Activity | Beginning with the line that contains "Students of Class 5", copy each subsequent line of the data below through the last one, including both ends but not the pictures.

Source data |
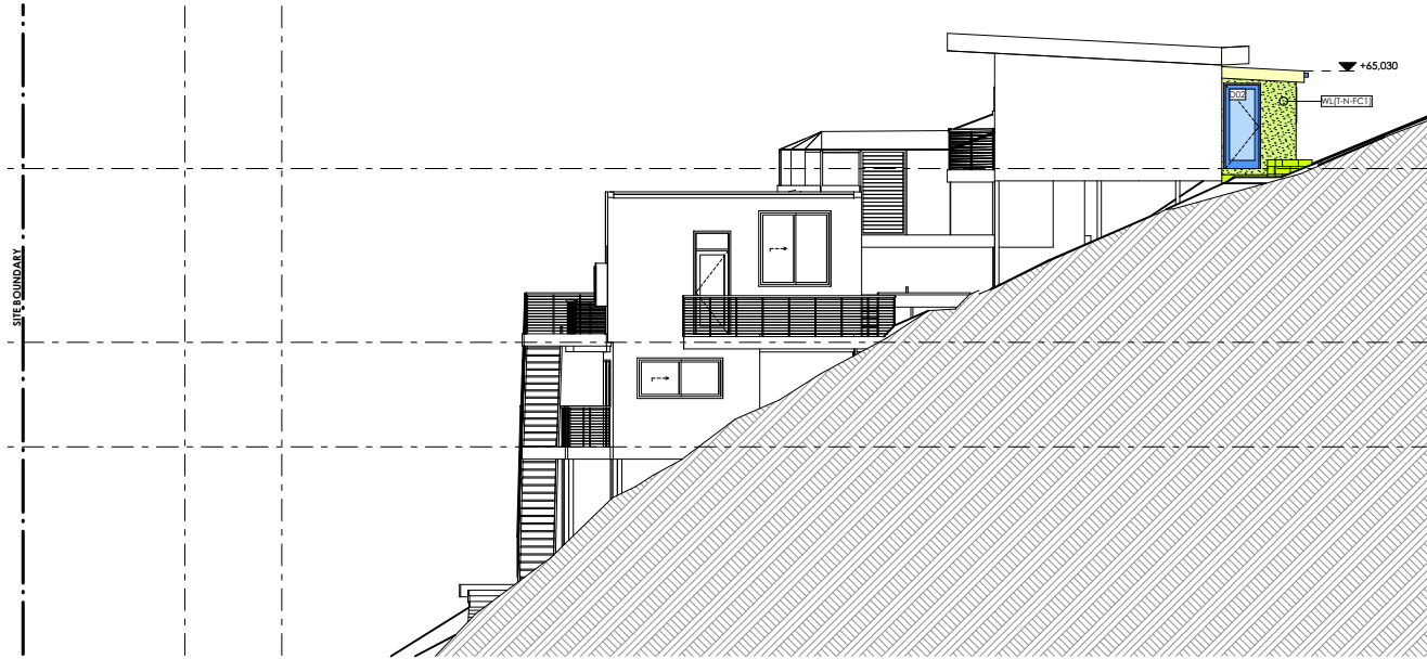
ELEVATION 3 1:200
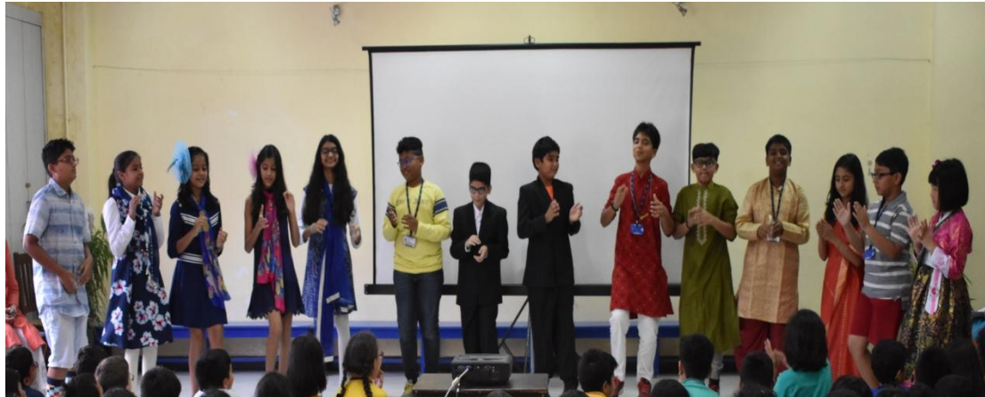
Students of Class 5
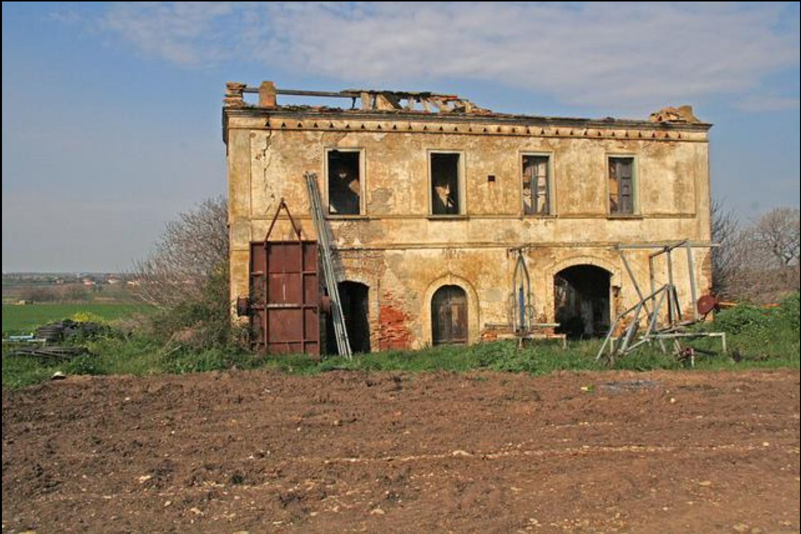
The former Ramitelli operations and briefing room in 2012
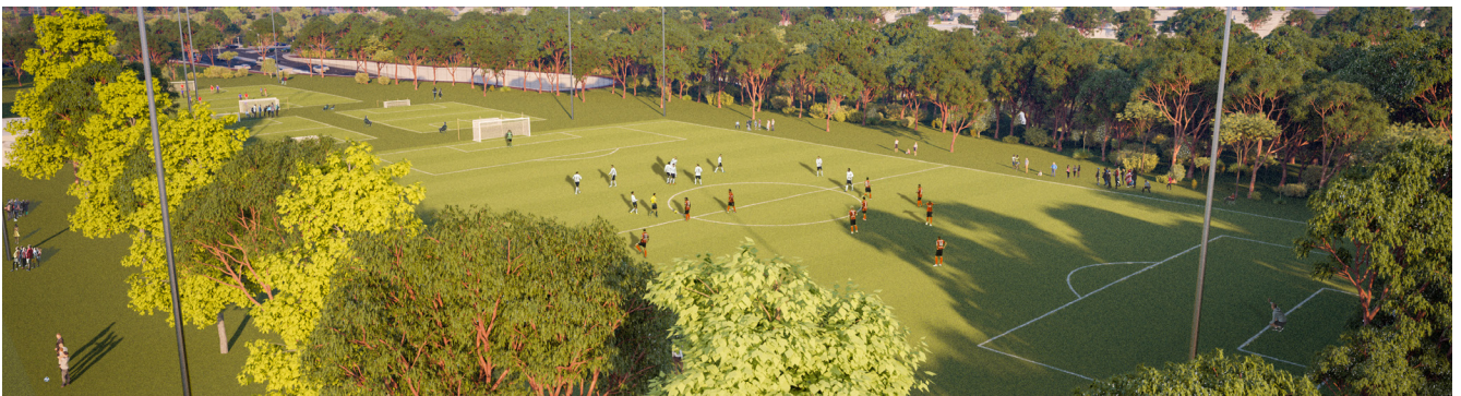
Figure 4: East Bicentennial Playing Fields proposed upgrade and facilities

Solution to this task |
Students of Class 5
The former Ramitelli operations and briefing room in 2012
Figure 4: East Bicentennial Playing Fields proposed upgrade and facilities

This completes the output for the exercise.